Research has played a vital role for SEWA since inception in helping bring positive changes in the lives and conditions of informal women workers. Research at SEWA never sits on a bookshelf; it is actively shared and used as a tool to guide action.
To date, SEWA has completed over 140 studies from impact evaluations to technical studies, census, longitudinal studies, baseline surveys, socio-economic surveys, and diagnostic studies.
In addition to meeting internal research needs, SEWA Research conducts studies commissioned by other organisations and works in partnership on joint studies.
IASEW has conducted recent research partnerships with the following organizations: Samarth, in order to evaluate success of Hepatitis B education campaigns; Association for Stimulating Know How (ASK), in order to enumerate a householder survey around toilet access; Women in Informal Employment: Globalizing and Organizing (WIEGO), on how technology impacts the working poor; and SEWA Bank, conducting a needs assessment.

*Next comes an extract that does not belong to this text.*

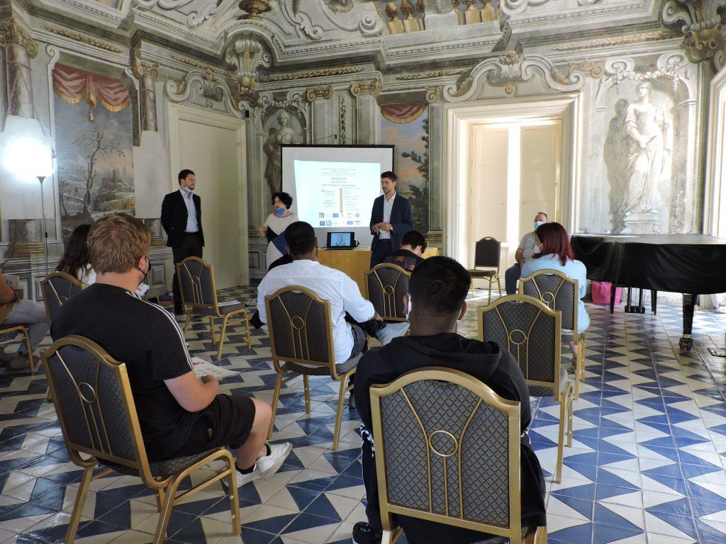 L’Assessore Barone ha dato il benvenuto ai ragazzi, descrivendo a grandi linee le risorse di Bagheria, incominciando con la menzione dalle numerose ville presenti in stile Barocco, motivo per il quale, il comune è conosciuto come “Città delle Ville”. L’assessore ha, inoltre, descritto ai giovani studenti europei, altre risorse bagheresi, rappresentate dalle bellezze paesaggistiche come Monte Catalfano e l’Arco Azzurro, e naturalmente evidenziando il ruolo di attrattore turistico giocato dallo Sfincione, specialità gastronomica locale. Sabrina Gianforte, ha approfondito in maniera ancora più accurata il patrimonio storico-culturale, artistico, enogastronomico e naturalistico bagherese, mostrando una presentazione a video, con delle slide che descrivevano i beni culturali, il borgo di Aspra, la costa, l’arte ceramica, le produzioni agricole e gastronomiche e l’arte del Carretto Siciliano, vera e propria icona di identità siciliana, già iscritta al REIS (Registro delle Eredità Immateriali della Sicilia), e candidato a essere tutelato dall’UNESCO.

All SEWA research centres around the following objectives:
—Understanding the socio-economic conditions and issues of women in the informal economy.

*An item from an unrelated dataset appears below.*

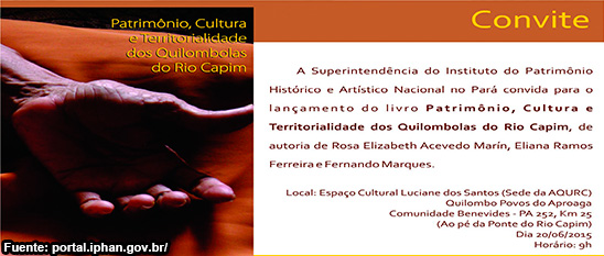 \r\n Resultado de projeto que buscou evidenciar a relação do Engenho Aproaga com as comunidades quilombolas estabelecidas em seu entorno, a publicação Patrimônio, Cultura e Territorialidade dos Quilombolas do Rio Capim, de autoria de Rosa Elizabeth Acevedo Marin, Eliana Ramos Ferreira e Fernando Luiz Tavares Marques, será lançado no próximo dia 20 de junho, sede da Associação Quilombola Unidos do Rio Capim (AQURC), localizado na comunidade quilombola Benevides, município de São Domingos do Capim, no Pará.

—Conducting impact studies on the eleven principles of SEWA.
—Evaluating SEWA interventions and campaigns.
—Documenting the history of women’s struggles for economic and social security.
—Bringing research on women in the informal economy into the mainstream.
Research projects are action-oriented and support SEWA’s organising, programme development, and advocacy campaigns. Research at SEWA never sits on a bookshelf; it is actively shared and used as a tool to guide action. In fact, other organisations often use SEWA’s research when formulating, testing, or evaluating their own interventions.
SEWA’s research links grassroots issues and the local development context to government policies and the economic development process. Through its research, SEWA strives to understand the effect of macro policies on women in the informal economy. Moreover, SEWA documents alternative solutions at the grassroots level and then lobbies for them at the macro level.
India’s total informal employment accounts for 93 per cent of all employment in the country. Informal workers are significant contributors to the economy, but still their contributions are not visible. SEWA’s research tries to fill this gap and encourage others to study the informal economy. SEWA’s research findings have been used as the basis to influence policymakers and call for widespread policy change at national and international levels.
One of SEWA’s most fundamental values is its commitment to build the capacity of its members through training. In this tradition, members have been trained to be an integral part of the research team and to establish a decentralized research structure.